# How is Working in the IT field in dubai ?



## chrisnik (Oct 26, 2013)

Hi,

i had an interview for a job as security consultant at global it vendor located in Dubai; the work requires traveling in the GCC countries.
I've got 10+ years of experience in the position in European countries (Italy & Norway), and i was wondering how is working in the IT field in Dubai/UAE compared to Europe ? Is it more let's say, 'relaxed' ? I've been told that its not uncommon there to have business meetings in cafes, is it true ?
Also, i've been told that most of the people working in the IT there are Indiands low paid, and somehow, break the market, is it true ?


----------



## Irfan the savior (Oct 26, 2013)

Honestly there is an oversupply of IT professionals here in Dubai. Depending on your pay and benefits you should accept the job. About cafe meetings - yep many meetings and socializing happens here. Again this depends on companies to firms. 

Overall, it's up to you how you take the challenge.


----------



## Budw (Oct 14, 2013)

Irfan the savior said:


> Honestly there is an oversupply of IT professionals here in Dubai. Depending on your pay and benefits you should accept the job. About cafe meetings - yep many meetings and socializing happens here. Again this depends on companies to firms.
> 
> Overall, it's up to you how you take the challenge.


Actually, there is a shortage of *qualified & experienced* IT personnel in Dubai. My brother in law is a senior manager working here for a multinational, and lack skills in the local market forcing them to hire professionals from abroad.

Its hard working in the IT sector, with long hours, and lots of pressure, but on the other had, the pay is good as well.


----------



## Irfan the savior (Oct 26, 2013)

Well, he is right in a way. But again there are about 363000 IT professionals around UAE. Not sure how that's a shortage. 

http://dsc.gov.ae/En/Pages/reports/Home.aspx


----------



## vantage (May 10, 2012)

quality over quantity....


----------



## Fat Bhoy Tim (Feb 28, 2013)

Irfan the savior said:


> Well, he is right in a way. But again there are about 363000 IT professionals around UAE. Not sure how that's a shortage.
> 
> http://dsc.gov.ae/En/Pages/reports/Home.aspx


We have a good five in our Dubai office that aren't worth much, you're welcome to borrow them - permanently.


----------



## Tropicana (Apr 29, 2010)

Irfan the savior said:


> Well, he is right in a way. But again there are about 363000 IT professionals around UAE. Not sure how that's a shortage.
> 
> http://dsc.gov.ae/En/Pages/reports/Home.aspx


I have a hard time believing this number, unless of course typists were considered IT Professionals as they could use keyboards.

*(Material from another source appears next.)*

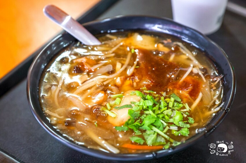 勾芡羹湯加上通心麵,有別於傳統羹湯常加的料,開口笑用的是通心麵,加上魚板、紅蘿蔔、白蘿蔔、木耳、洋蔥和少許肉燥,讓吃的人有更豐富的口感。

Btw the link is broken; was that page designed by one of those 363k professionals ?


----------



## chrisnik (Oct 26, 2013)

They've contacted me not viceversa, maybe as others here have said, there are yes lots of IT workers but with low-medium quality. 

@budw. Long hours, and stress ? I wasn't expecting this, as i know the arabic world isn't frenetic like ours.

@Irfan the savior: What are you doing in this forum ??


----------



## Budw (Oct 14, 2013)

chrisnik said:


> @budw. Long hours, and stress ? I wasn't expecting this, as i know the arabic world isn't frenetic like ours.



The Arab world may not be as frenetic, but this is not really Arab world here; this is the country of the tight deadlines, or for some impossible deadlines. On top of that, nothing is as structured as back home. Definitely more demanding on all aspects. Do not expect a 9X5 job at all.....


----------



## Rogersam (Oct 29, 2013)

Most of the people who work in IT field are expats particlularly Indians. They usually work for low salary. Your work depends on the company and also the salary. If the work is to travel around the GCC countries, then you can enjoy the beauty of Arabian countries.


----------



## rsinner (Feb 3, 2009)

Rogersam said:


> If the work is to travel around the GCC countries, then you can enjoy the beauty of Arabian countries.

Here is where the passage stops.